==== Data extract ====

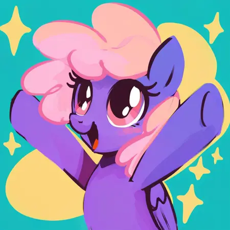 무지개 빛나는 LoRA. 항상 작동하지는 않으며, 때로는 캐릭터의 한 손만 위로 올라가고, 약간 과학습된 부분도 있습니다—훈련 이미지에서 너무 많은 요소를 계승하여 매우 딱딱하고 전혀 변형이 없습니다. 하지만 적어도 이 자세로 좋아하는 캐릭터를 재현할 수는 있습니다.
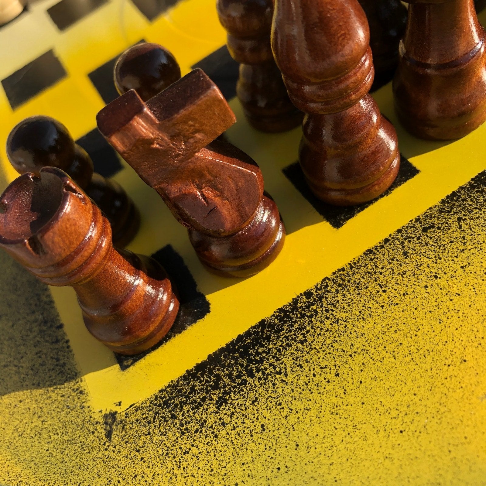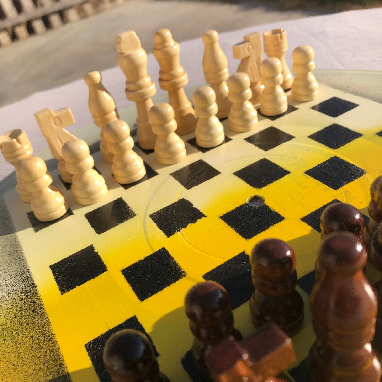 Introducing our unique Vinyl Record Chess Sets. Each set features handcrafted vinyl records transformed into eye-catching chess sets in a variety of vibrant colors. These one-of-a-kind chess sets are not just a game, but a piece of art to elevate your game nights and decor. Embrace the nostalgia of vinyl records with a modern twist in these bespoke, limited edition chess sets.
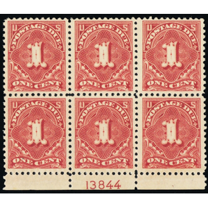 J61, Mint VF NH 1¢ Scarce Block of Six Stamps - Stuart Katz
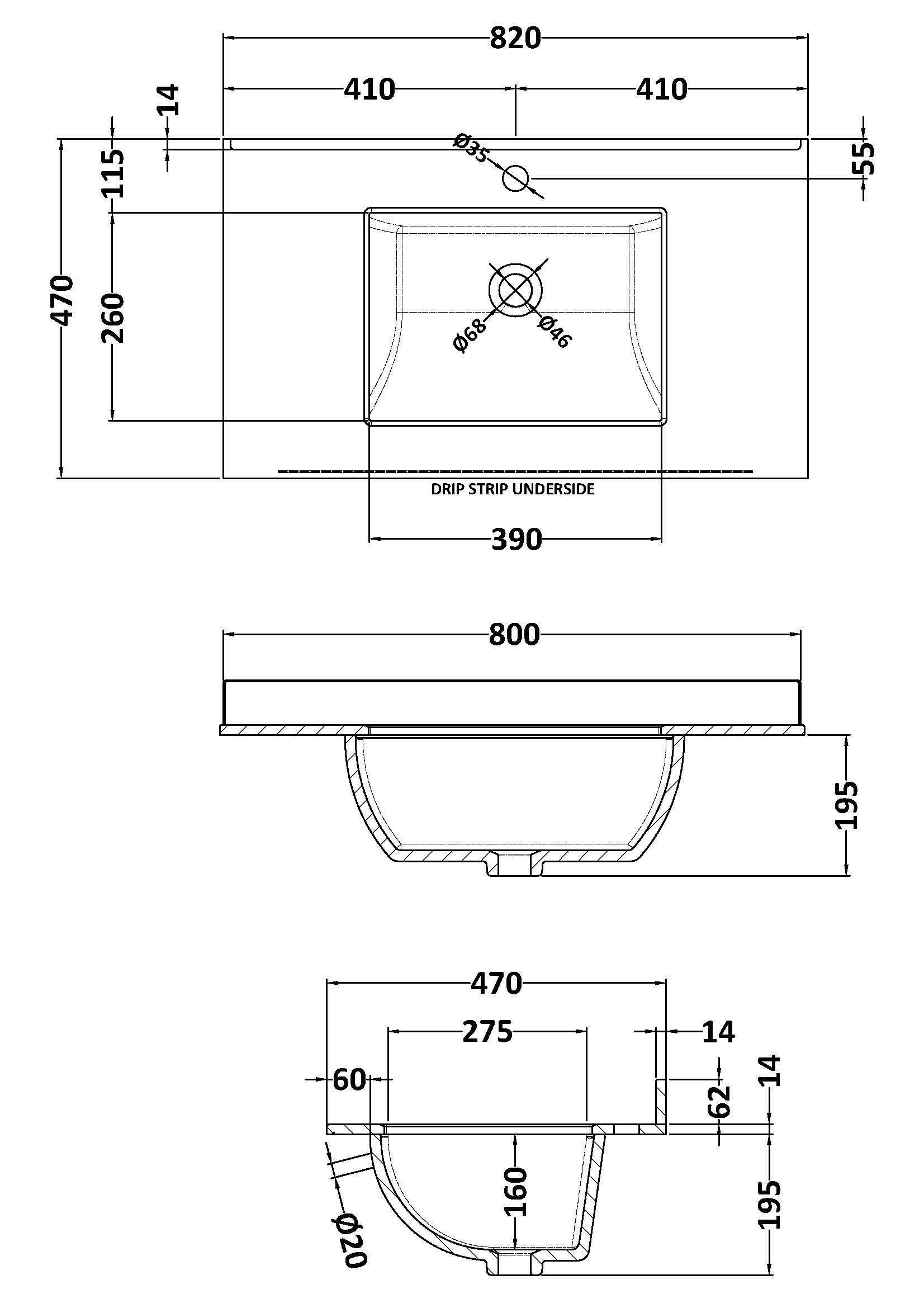 Nuie Lux 800mm Single Bowl Marble Top 1TH - White

====

(What the task requires)
Restate word for word the lines from the one with "J61, Mint VF" to the end of the material, both included. Do not include the pictures.

(Solution to the problem)
 J61, Mint VF NH 1¢ Scarce Block of Six Stamps - Stuart Katz
 Nuie Lux 800mm Single Bowl Marble Top 1TH - White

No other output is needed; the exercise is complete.